What is being asked: For the entries below, copy exactly the line that contains "國內(nèi)外的油氣勘探實" through the line that contains "Art Set in a", both ends included, and exclude all pictures.

Records shown:
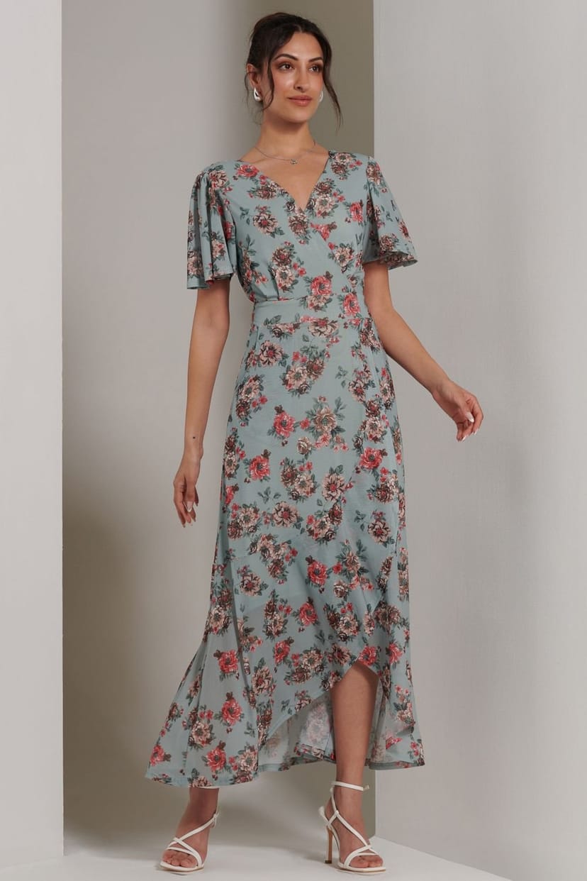 The Jolie Moi Green Floral Print Mesh Midi Dress is available in sizes 10, 14, 18.
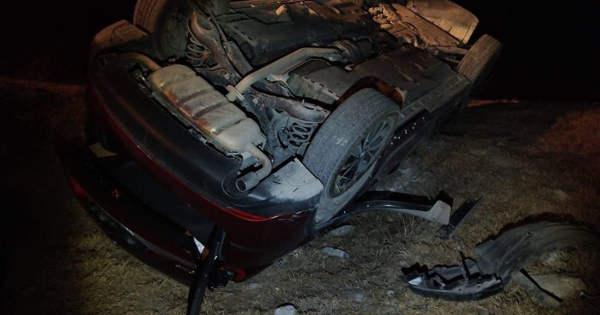 Una camioneta Mazda volcó en el kilómetro 25 de la carretera Monterrey-Saltillo, a la altura del ejido Cañón Colorado, luego de que su conductor perdiera el control al intentar incorporarse a la vía principal.
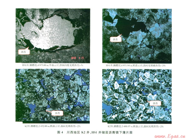 國內(nèi)外的油氣勘探實(shí)踐表明,當(dāng)儲層中有瀝青時,含瀝青的儲層喉道大小明顯比不含瀝青的儲層小。雖然儲層瀝青未使孔隙體積明顯減小。但會堵塞喉道而使?jié)B透率大大降低,同時使儲層的非均質(zhì)性增強(qiáng)。
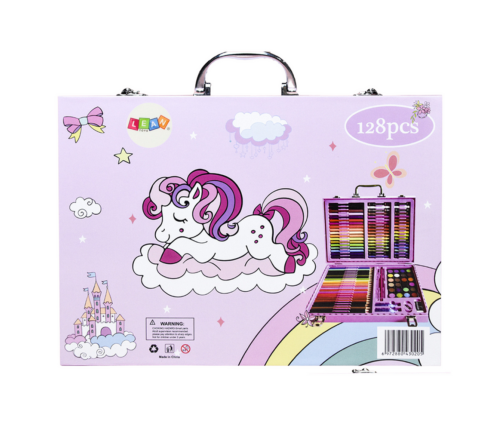 Art Set in a Suitcase - 128 Elements Unicorn or Alien Pattern
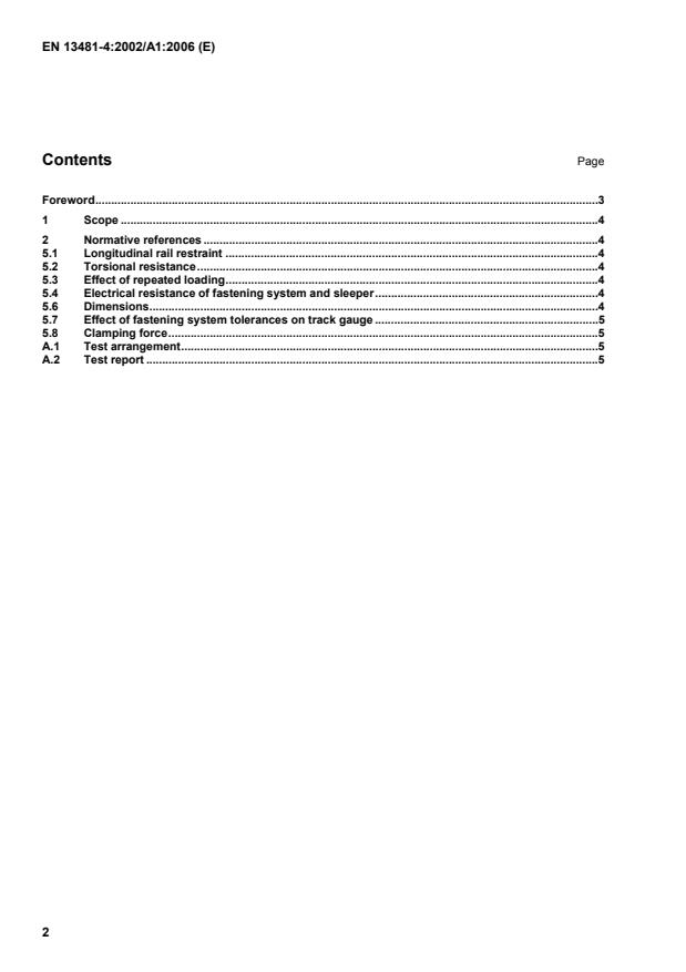 EN 13481-4:2002/A1:2006 is a amendment published by the European Committee for Standardization (CEN). Its full title is "Railway applications - Track - Performance requirements for fastening systems - Part 4: Fastening systems for steel sleepers". This standard covers: This European Standard is applicable to fastening systems for use on steel sleepers in ballasted track as follows: ¾ main lines having a radius of curvature greater than 150 m and subject to a maximum design axle load of 260 kN; ¾ light rail systems having a radius of curvature greater than 80 m and subject to a maximum design axle load of 130 kN. The requirements apply to: ¾ direct fastening systems and systems which incorporate a baseplate; ¾ fastening systems for the rail sections in prEN 13674-1 and prEN 13674-4. This standard is not applicable to fastening systems for other rail sections, rigid fastening systems or special fastening systems used at bolted joints. This standard is for type approval of a complete fastening assembly only.

Exercise output:
 國內(nèi)外的油氣勘探實(shí)踐表明,當(dāng)儲層中有瀝青時,含瀝青的儲層喉道大小明顯比不含瀝青的儲層小。雖然儲層瀝青未使孔隙體積明顯減小。但會堵塞喉道而使?jié)B透率大大降低,同時使儲層的非均質(zhì)性增強(qiáng)。
 Art Set in a Suitcase - 128 Elements Unicorn or Alien Pattern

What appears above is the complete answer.